Oj wpłynęło (uśmiech). Był to istny wysyp programów rządowych ogłaszanych prawie co dwa miesiące. Skrupulatnie z tego korzystaliśmy. W ramach naboru z Polskiego Ładu na wsparcie remontu zabytków nasza gmina otrzymała jedno z największych pieniędzy w województwie, bo blisko 5,5 mln zł na rewitalizację wieży strzeleckiego kościoła, a także świątyni w Ogardach. Dzięki temu wyremontujemy też zabytkowe kamienice w mieście. Pojawią nowe witraże w kościele w Sokólsku. Blisko 600 tys. zł otrzymaliśmy z Programu Rozbudowy Dróg na remont ul. Lipowej, Ludowej i Słonecznej w Lipich Górach, a także odcinek między Wielisławicami, a Bronowicami, ale tylko do bruku. 3,5 mln zł pozyskaliśmy na budowę świetlicy w Buszowie. Tu duży wpływ też miała determinacja mieszkańców tej wsi, którzy od lat czekają na swój kąt i mocno o to zabiegali. Z kolei z Urzędu Marszałkowskiego pod koniec roku spłynęła dobra informacja, że otrzymamy ok. 1,5 mln zł na budowę drogi w Wełminie. W grudniu dostaliśmy kolejne dobre wieści, że nasz wniosek na odwiert geotermalny w Strzelcach został wysoko punktowany i przyznano naszej gminie ponad 13 mln zł. Jeśli okaże się, że mamy pokłady gorących źródeł, to może to być nowy rozdział rozwojowy dla naszej gminy. Wracając do polityki, życzę wszystkim nowym parlamentarzystom, ministrom i wojewodom powodzenia w pracy. Liczymy na dobrą współpracę. Kręgosłupy mamy twarde, więc czekają nas też twarde negocjacje o inwestycje na rzecz naszej gminy. 

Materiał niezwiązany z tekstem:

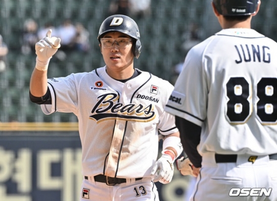 두산의 타선은 정예였다. 정수빈(중견수)-허경민(3루수)-강승호(2루수)-양의지(포수)-양석환(1루수)-김재환(지명타자)-헨리 라모스(우익수)-김재호(유격수)-김대한(좌익수) 순으로 선발 라인업을 짰다.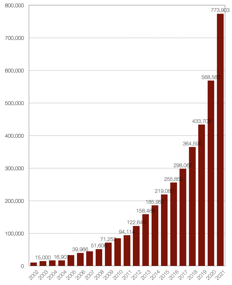 圖3.我國(guó)生活垃圾焚燒處理能力的增長(zhǎng)情況(2002-2021)

Wróćmy jeszcze do inwestycji. W tym przedwyborczym okresie zakończy się czas oczekiwania na rewitalizację parku. 

Walczyliśmy o to zadanie od 2015 roku. Ciągle je przekładając, ze względu na ważniejsze zadania. Były już plany, by etapować tę inwestycję. W końcu dostaliśmy dofinansowanie z Polskiego Ładu w wysokości blisko 10 mln zł. To pozwoli zmienić park w całości, bez kompromisów, od wejścia przy rondzie do wyjścia przy Kolejowej. Nasze zielone płuca miasta będą miejscem dla wszystkich. Od dzieci zaczynając, poprzez młodzież i na seniorach kończąc. W małym amfiteatrze odnajdą się fani kultury, a na wybiegu dla psów miłośnicy czworonogów. Powstaną place zabaw, skate park, street workout, będzie dużo zieleni i budek dla ptaków. Doczekamy się również godnego placu apelowego, gdzie chcemy świętować ważne dla naszego kraju uroczystości i wspominać naszych zasłużonych mieszkańców. Niebawem ogłaszamy przetarg i mamy nadzieję, że wiosną ruszymy z tą inwestycją. 

  

Mówi się, że 2024 będzie trudny, nie tylko dla naszego samorządu, ale i dla wielu innych ze względu na wzrost opłat, od których nie da się uciec, jak więc kształtuje się budżet na ten nowy rok? Z czym gmina może mieć problem, na czym musi oszczędzać, a gdzie trzeba sypnąć więcej pieniędzy?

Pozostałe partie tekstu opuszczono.